次期国王はウブな花嫁を底なしに愛したい


褒められたことにさらに顔を熱くさせてリリアがグラシナに微笑み返すと、それを受けたグラシナも笑みを深めた。

先ほど回廊で会った花嫁候補の女性からの視線は不快でたまらなかったが、こんなに見つめられてもグラシナの視線は気に障らなかった。

リリアははにかみながら、グラシナは楽しそうにふふふと笑い合うと、その場の空気が一気に和み出す。

成り行きを見守っていたセドマがやれやれと言った様子で短く息を吐いた時、「決めたわ!」とグラシナが拳を握りしめた。
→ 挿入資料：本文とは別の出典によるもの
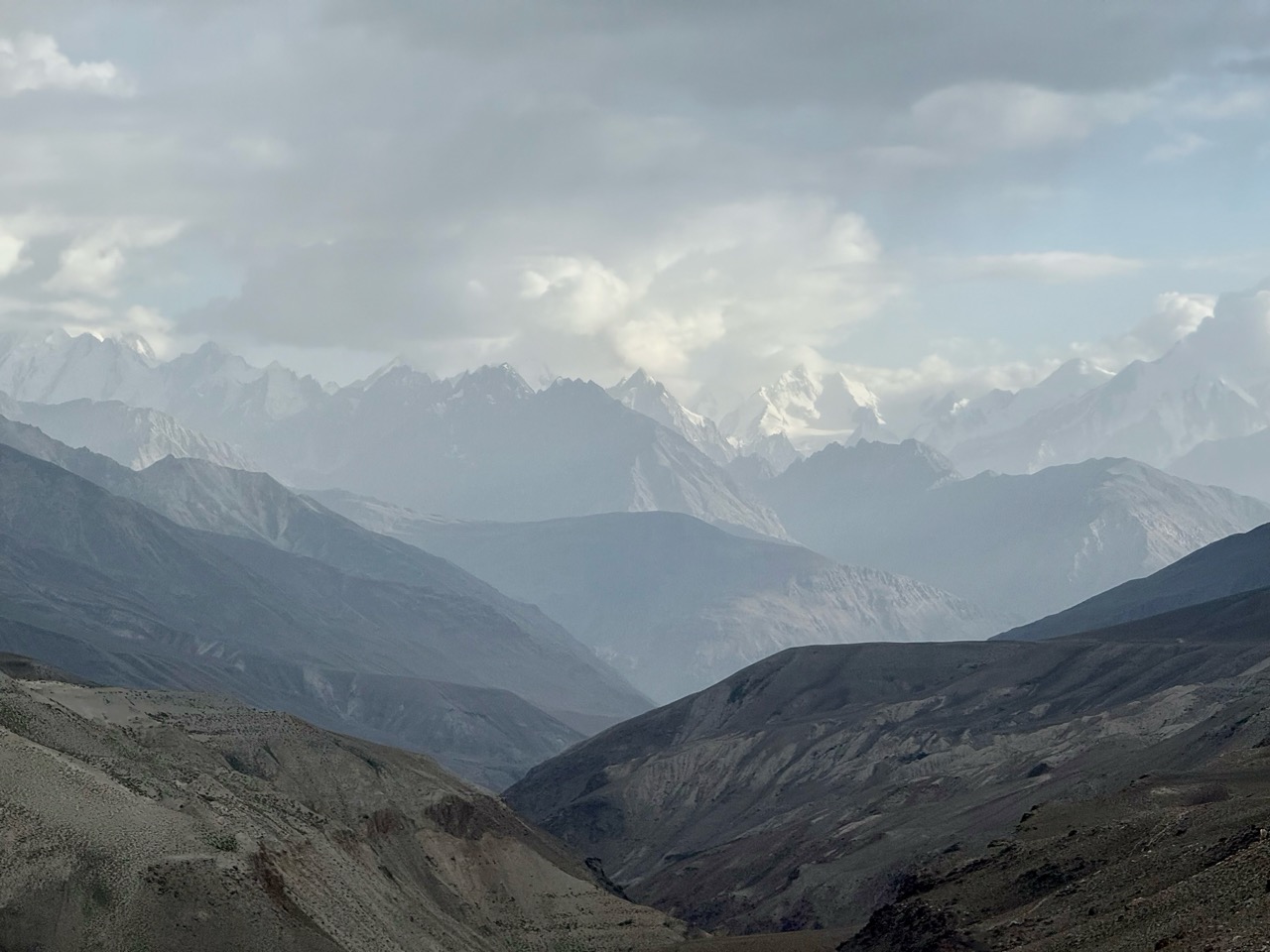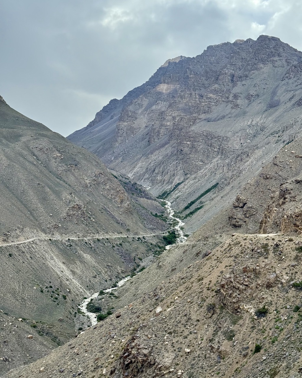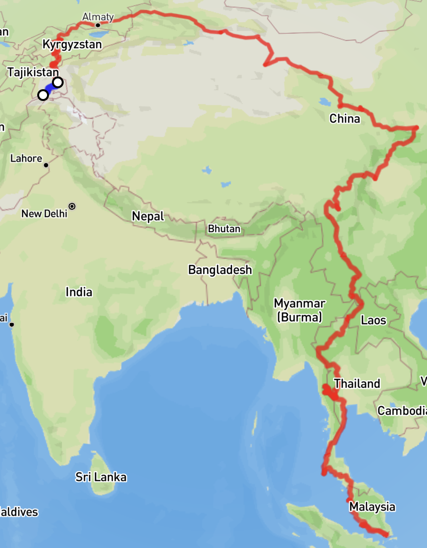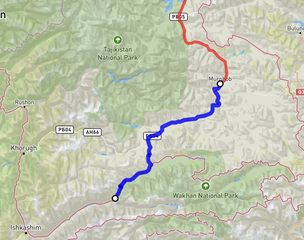 About half way through the route, it turns into the Wakhan corridor, which runs alongside the border with Afghanistan (the long panhandle bit which was there since colonial times to serve as a buffer between great powers. This panhandle is also is a dramatic mountain range, the Hindu Kush range, with a snowy peak >7000 MASL). This route is primarily unpaved, and is known to be a challenging ride.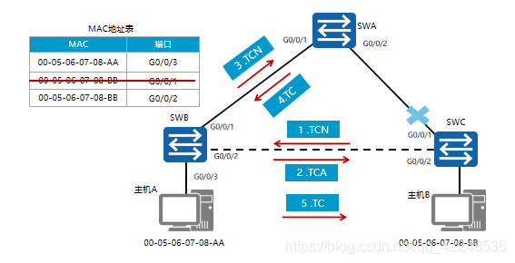 9、拓扑改变导致MAC地址表错误:在交换网络中,交换机依赖MAC地址表转发数据帧。缺省情况下,MAC地址表项的老化时间是300秒。如果生成树拓扑发生变化,交换机转发数据的路径也会随着发生改变,此时MAC地址表中未及时老化掉的表项会导致数据转发错误,因此在拓扑发生变化后需要及时更新MAC地址表项。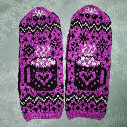 Have a Cocoa mittens are designed for thicker yarns (sport or DK) to keep your hands warm while you are out playing or working. The mittens feature a mug of hot cocoa with melting marshmallows to give you a warm and cozy feeling of happiness and love.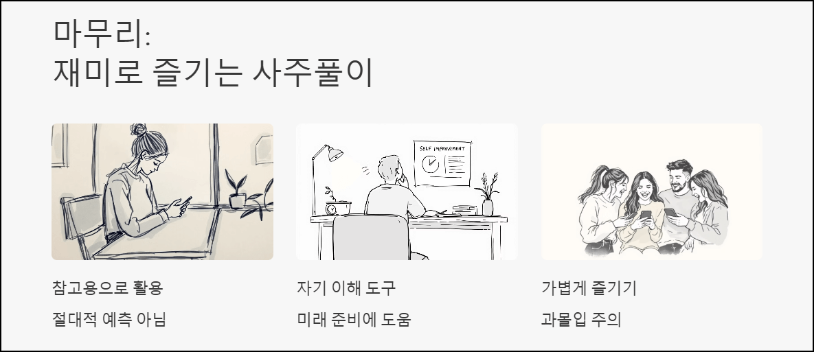 사주풀이를 통해 자신을 더 잘 이해하고, 미래를 준비하는 데 도움을 받는 정도로 가볍게 즐기세요! 😊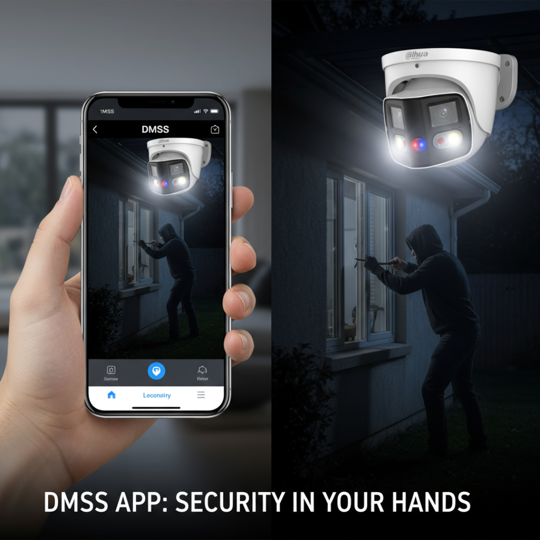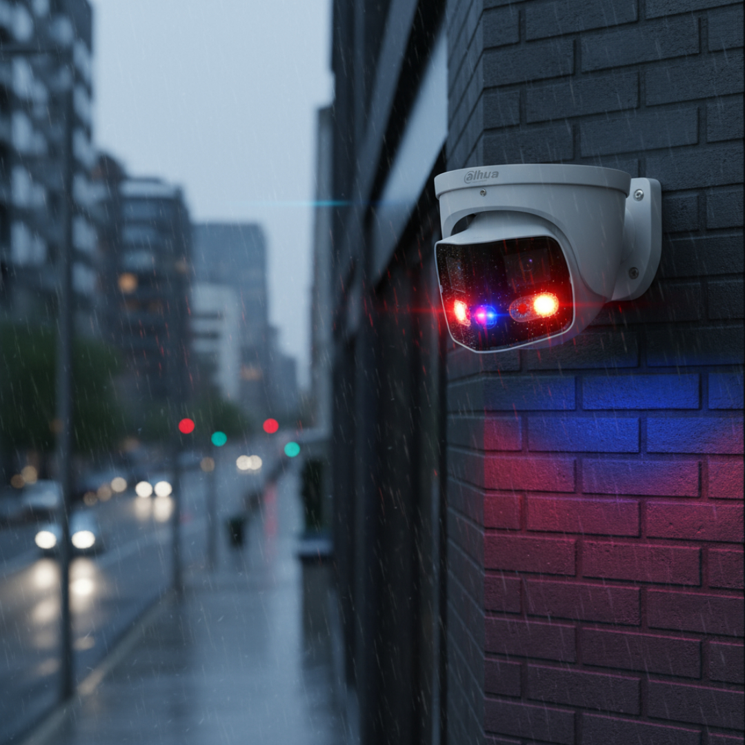 Its integrated active deterrence system combines powerful red and blue warning lights with sirens, effectively scaring off intruders in real time. The camera features Starlight technology and a large aperture fixed-focal lens that ensures vivid, full-color visuals even in low-light conditions, while dual lighting (IR and warm light) supports clear night vision up to 25 meters.

「お兄様からはダメだと断られてしまったけれど、やっぱりわたしくも一緒に食事の席に着かせてもらうわ! いろいろお話がしたいもの!」

「……一度断られていらっしゃるなら、オルキス様に怒られてしまうのでは?」


言葉を選びながら困惑気味に言葉を並べたセドマだったが、当のグラシナは聞いていない。パッと顔を輝かせて「そうだわ!」と手を打ち鳴らした。


「お兄様は急な客人の対応であと少し時間がかかりそうなの。だからそれまでの時間をわたくしに下さいませ!」


グラシナの嬉しそうな顔から、何かをしようとしているのは明らかだった。

思わず身構えたリリアとセドマは、どちらからともなく視線を通わせる。